# Half wave rectifier

#### MrChips

Joined Oct 2, 2009
26,133
I don't understand were you get any values from to work out the average.

Yes I can do Calculus.
What parameters are required in order to describe a sine wave?

#### Pickles

Joined Mar 13, 2015
29
I would recommend LTSpice but the learning curve is steep. I think it would distract from the problem at hand. Doesn't your school use a software tool such as Multisim?

https://www.analog.com/en/design-center/design-tools-and-calculators/ltspice-simulator.html#

You get the values from the trace and the given parameter for the circuit.
Yes they told me to use Multism but I am waiting for the tutor to come back to me with activation codes etc, as they aren't working.

I just want to try and get these questions answered when I am off work for the weekend as during the week I don't get much time to do it.

#### Pickles

Joined Mar 13, 2015
29
What parameters are required in order to describe a sine wave?
Amplitude, cycles, frequency, peak to peak and RMS?

#### MrChips

Joined Oct 2, 2009
26,133
Amplitude, cycles, frequency, peak to peak and RMS?
You only need two. The rest are redundant. (Sometimes you need phase angle but this is unimportant in your case.)
(You may also need DC offset. But let's ignore that too.)
Let's cut to the chase (to avoid playing the game of 101 Q & A).
All you need is amplitude and frequency.
You can derive RMS and peak-to-peak from amplitude.
Which of the three values, amplitude, RMS, peak-to-peak do you know for both input and output waveforms?

#### Pickles

Joined Mar 13, 2015
29
You only need two. The rest are redundant. (Sometimes you need phase angle but this is unimportant in your case.)
(You may also need DC offset. But let's ignore that too.)
Let's cut the chase (to avoid playing the game of 101 Q & A).
All you need is amplitude and frequency.
You can derive RMS and peak-to-peak from amplitude.
Which of the three values, amplitude, RMS, peak-to-peak do you know for both input and output waveforms?
The only figures I can see on the diagram is 5 V pk and 1KHz.

#### WBahn

Joined Mar 31, 2012
26,398
Ok thanks everyone. To work out the average value of the input and output signal would you use this equation...

View attachment 200318

Many thanks
Where did that equation come from?

How does it apply to the input signal?

How does it take into account the effect of the voltage dropped across the diode?

#### WBahn

Joined Mar 31, 2012
26,398
I don't understand were you get any values from to work out the average.

Yes I can do Calculus.
What is the input voltage as a function of time. Assume that the waveform is at 0 V at t=0.
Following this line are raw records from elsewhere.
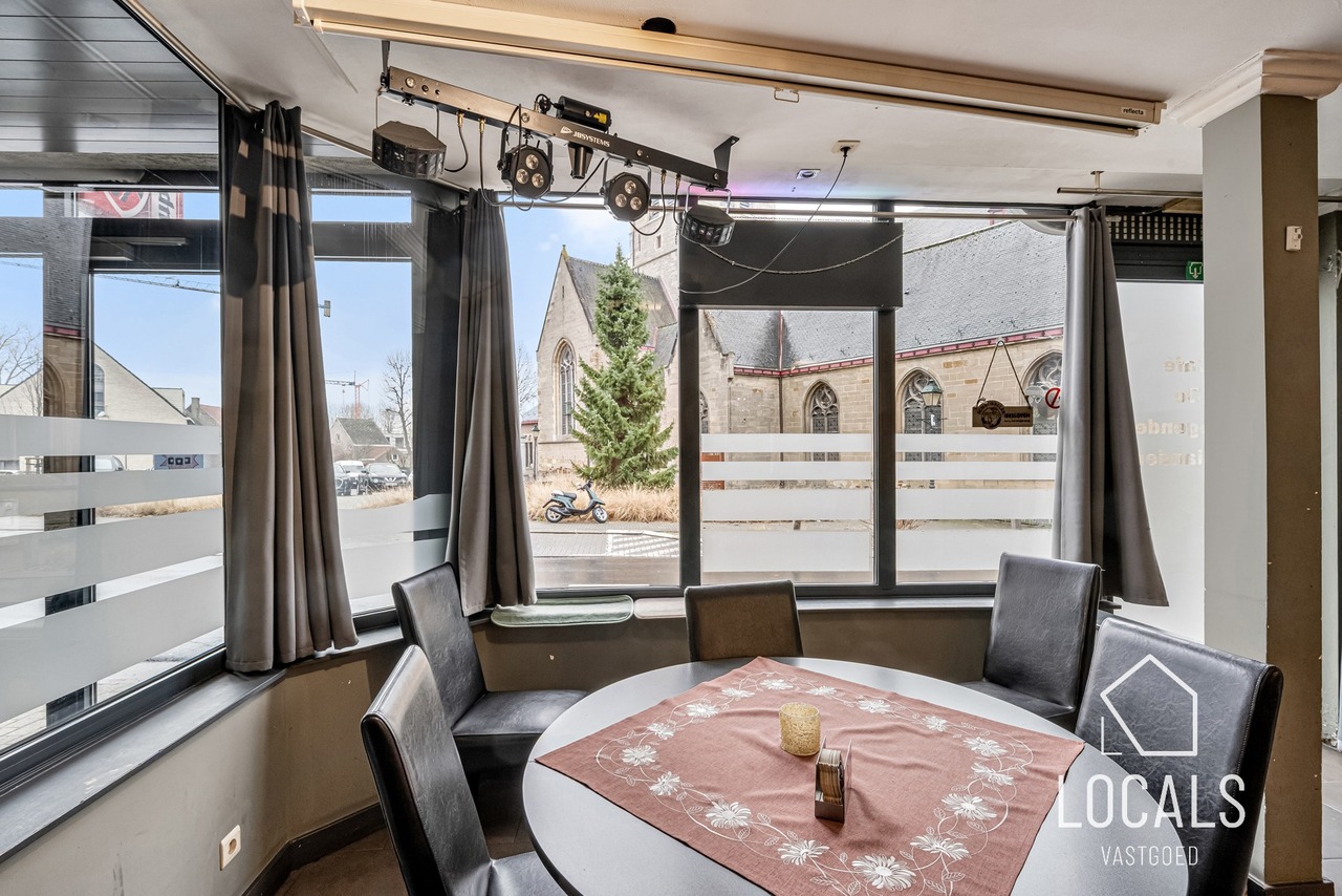 Dit veelzijdige handelspand is gelegen op een absolute toplocatie in het dorpscentrum van Denderhoutem, waar zichtbaarheid en bereikbaarheid hand in hand gaan.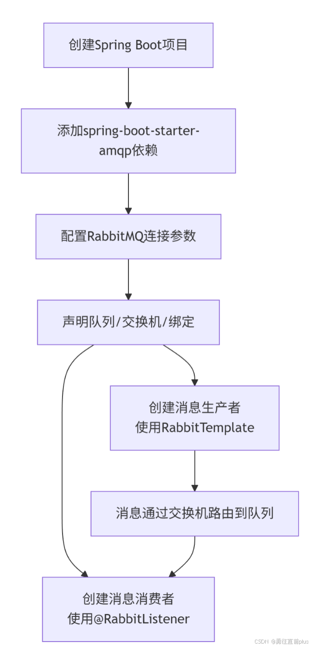 springoot整合rabbitMQ的流程非常简单直接,主要包括依赖引入、项目配置、声明创建交换机/队列、生产者/消费者配置与使用等等。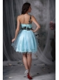 Home >  Prom Dresses >  Short Prom Dresses > Customize Aqua Blue A-line One Shoulder Short Prom Dress with Black Appliques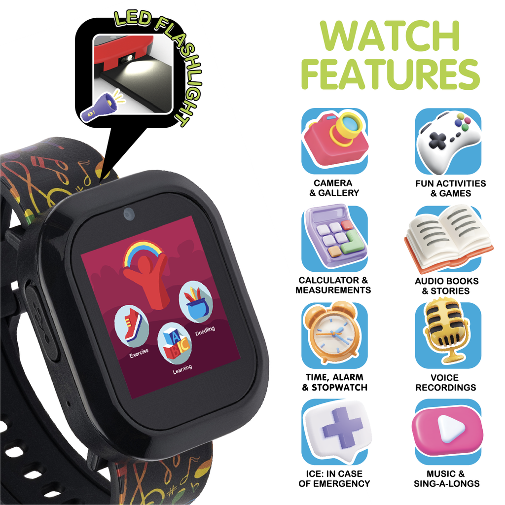 iTech Jr musical notes themed kids silicone strap smartwatch
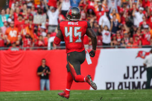 His four opponent fumble recoveries on the season tied Cecil Johnson (1977) for the most by a rookie in team history, while his three forced fumbles are tied for the second-most. In addition, White’s 91 tackles on the season are the third-most by a rookie in team history, trailing only Pro Bowl linebackers Lavonte David (139 in 2012) and Kwon Alexander (93 in 2015). White is the only rookie in team history with multiple defensive touchdowns in a season.

What is the output voltage as a function of time if you assume that the voltage drop across the diode is 0 V when forward biased?

What is the output voltage as a function of time if you assume that the voltage drop across the diode is 0.7 V when forward biased?

If you know v(t) and that it is periodic with period T, how do you find the average value of v(t)?

#### MrChips

Joined Oct 2, 2009
26,133
The only figures I can see on the diagram is 5 V pk and 1KHz.
For a sine wave symmetrical about 0V the peak voltage is the same as its amplitude.
Intuitively, what is the average value of such a sine wave of 5V amplitude.

#### Pickles

Joined Mar 13, 2015
29
For a sine wave symmetrical about 0V the peak voltage is the same as its amplitude.
Intuitively, what is the average value of such a sine wave of 5V amplitude.
So if the voltage is the same as the amplitude then it will be 5?

#### MisterBill2

Joined Jan 23, 2018
11,913
So if the voltage is the same as the amplitude then it will be 5?
If the peak to peak voltage is ten volts, then the peak voltage will be 5 volts, the average will be less, likewise the RMS value and the DC equivalent is someplace in between.

#### MrChips

Joined Oct 2, 2009
26,133
So if the voltage is the same as the amplitude then it will be 5?
Try again.
Take 10 samples of the wave, sum them, and divide by 10.